Patients diagnosed with chronic pain say opioid guidelines are affecting them as doctors nationwide taper or discontinue the prescription of the drugs altogether.
Merilee Grulli is one of those patients who lives in Florissant, Colorado. She was born with spinal stenosis, a condition in which her vertebrae grows bones over the nerve roots, causing tingling and burning pain. Doctors advised her to get a sixth surgery to treat the degenerative disease.
“I’m afraid to have the surgery because I’m afraid of what’s coming afterward,” Grulli said. “Because I know the pain is going to be horrible.”
Grulli says she worries doctors won’t prescribe the oxycodone she needs to manage the chronic pain. She says doctors nationwide are trying to curb the opioid epidemic but aren’t taking into account the patients who legitimately need the drugs.
“I would kill myself before I used heroin,” said Grulli. “And I don’t want to end like that you know. I don’t think it’s right that they’re boxing us into a corner.”
As clinicians try to curb the opioid epidemic, there’s been a pressure to reduce prescription of those drugs – the Centers for Disease Control and Prevention reports a trend in recent years of opioid prescriptions declining nationwide.
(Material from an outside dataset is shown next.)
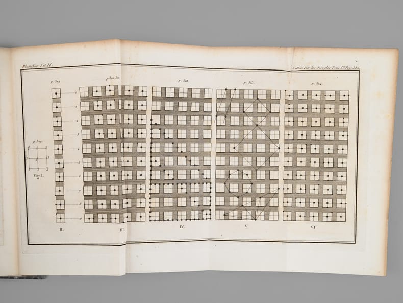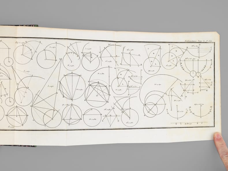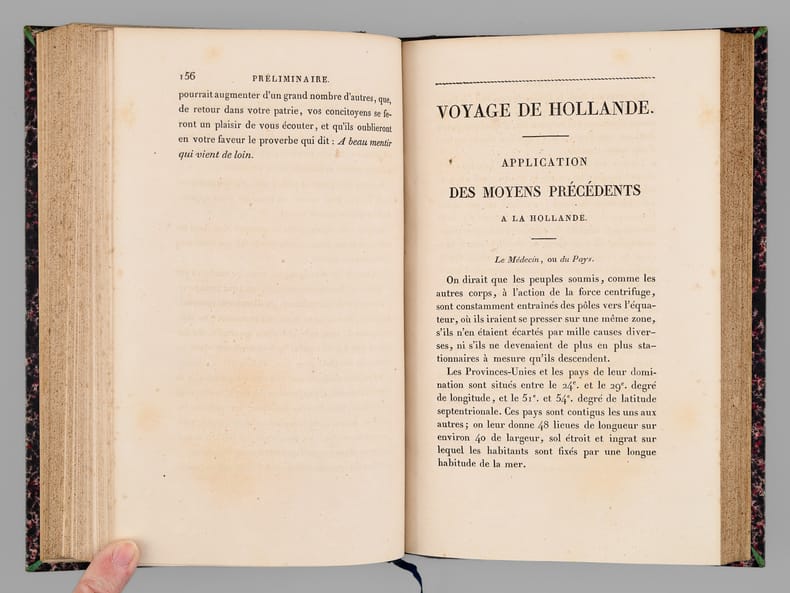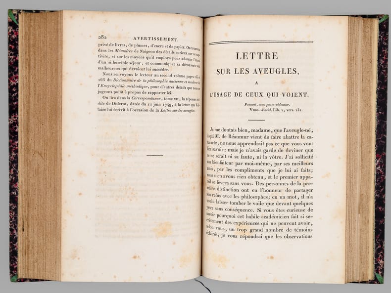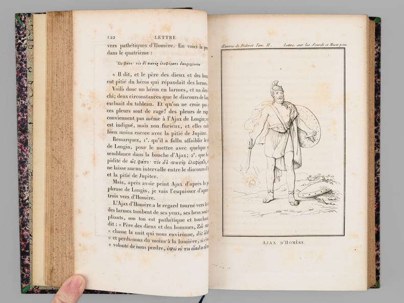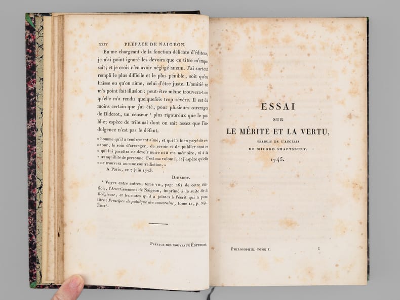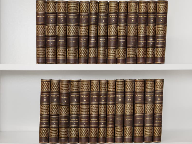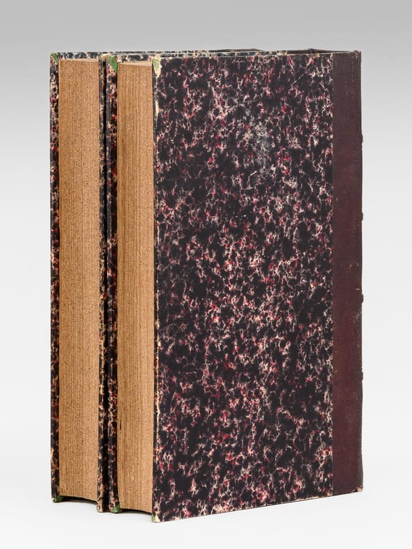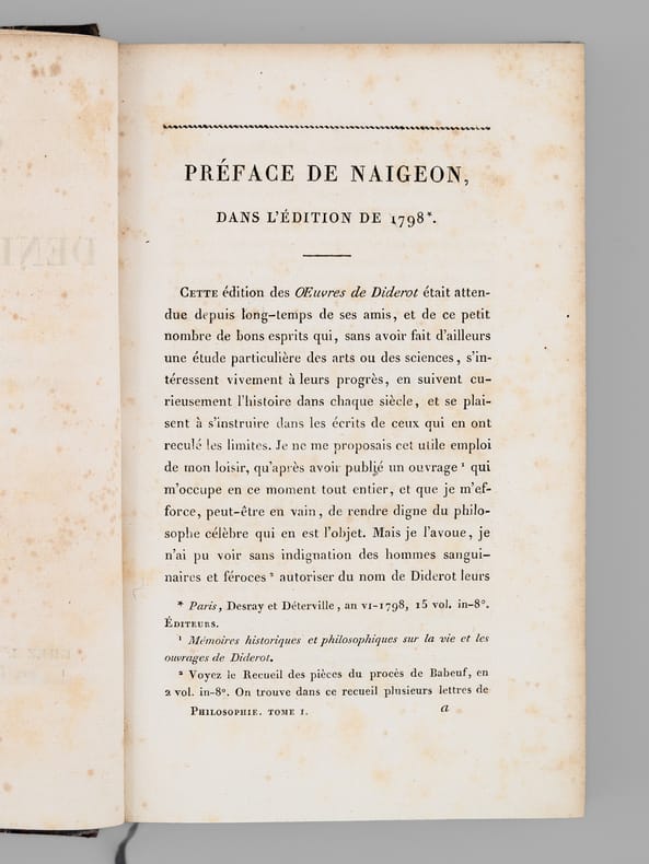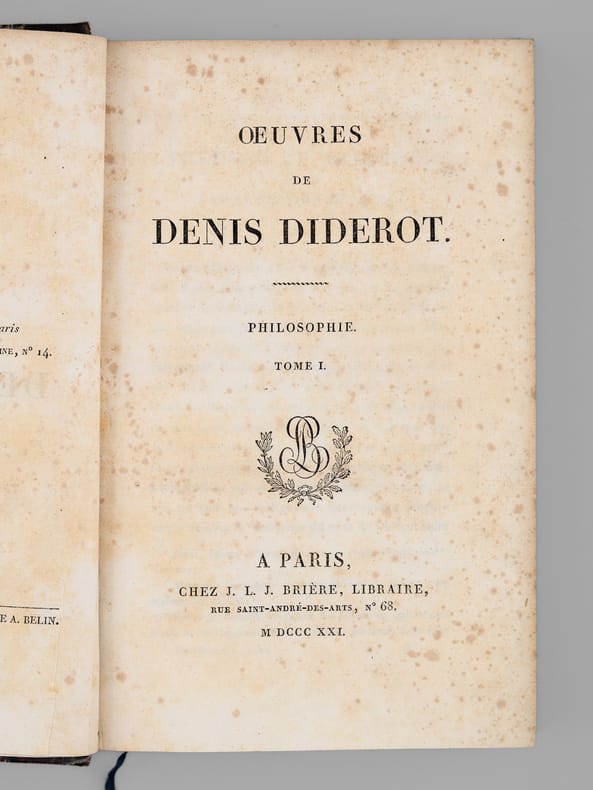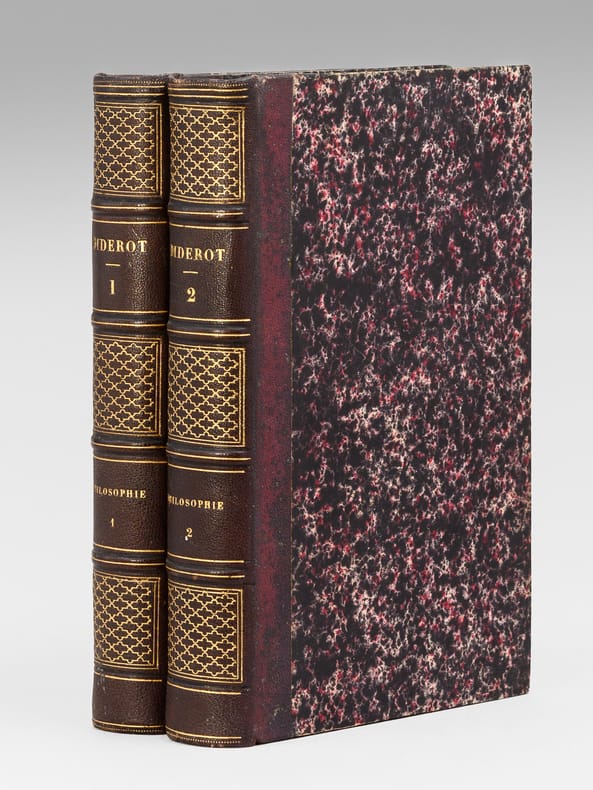 26 vol. in-8 reliure de l'époque demi-chagrin noir, dos à 4 nerfs dorés richement orné, Chez J. L. J. Brière, Paris, 1821 [ Tomes 1 à 21 et 26 ], Paulin, Alexandre Mesnier, Paris, 1831-1831 [ Tomes 22, 23, 24 ], Paulin, Paris, 1834 [Tome 25 : Deuxième édition augmentée ]. Rappel du titre complet et détail des planches : Oeuvres de Denis Diderot (22 Tomes - Complet) [ Avec : ] Mémoires, Correspondance et Ouvrages inédits de Diderot de 1759 à 178, publiés d'après les manuscrits confiés, en mourant, par l'auteur à Grimm (4 Tomes - Complet) [ Ensemble : 26 Volumes ] Tomes 1 et 2 : Philosophie (Tome 1 : Planche I et II dépliante (Système de Saunderson pour les aveugles) ; Tome 2 ; Une planche hors texte) ; Tome 3 : Mélanges de littérature et de philosophie. ; Tome 4 : Théâtre ; Tomes 5, 6, 7 : Romans et Contes ; Tomes 8, 9, 10 : Salons ; Mathématiques (Tome 10 : 3 planches dont une dépliante) ; Tomes 11 et 12 : Essai sur les règnes de Claude et de Néron ; Essai sur les études en Russie ; Plan d’une université pour le gouvernement de Russie ; Correspondance ; Tomes 13 à 20 : Dictionnaire encyclopédique (Tome 13 : Tableau dépliant du Système figuré des connaissances humaines ) ; Tome 21 : Mémoires historiques et philosophiques sur la Vie et les Ouvrages de D. Diderot par J. A. Naigeon (Tome 21 : Portrait de Denis Diderot par Mme Therbouche 1823, gravé par Bertonnier ) ; Tomes 22 à 25 : Mémoires, Correspondance et Ouvrages inédits de Diderot de 1759 à 1780, publiés d'après les manuscrits confiés, en mourant, par l'auteur à Grimm ; Tome 26 : Oeuvres inédites de Diderot : Le Neveu de Rameau. Voyage de Hollande. Correspondance. Table générale et analytique des matières contenues dans les Oeuvres de Diderot.
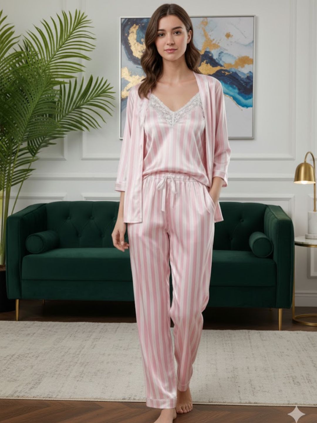 Upgrade your nightwear collection with this elegant three-piece satin nightwear set for women. The set includes a soft striped camisole with lace detailing, a matching open-front robe, and comfortable pyjamas. Crafted from smooth satin fabric, this set offers a luxurious feel while ensuring all-night comfort. Perfect for lounging, sleeping, or relaxing at home in style.

However, the U.S Department of Health and Human Services released new guidelines on October 10 to help clinicians understand how to best manage opioid prescriptions.
The new HHS guidelines explain how rapid removal of opioids from long-term users can lead to strong withdrawal symptoms. Instead, the agency advises doctors to gradually reduce opioid dependency when possible and to treat each patient on a case-by-case basis.
Grulli agrees that each patient should have an personalized plan.
“[Doctors] know that [chronic-pain patients] have to take these drugs forever,” she said. “It stinks. It’s not right. And to know that you have to take them and then not be able to get them. That’s the hard part.”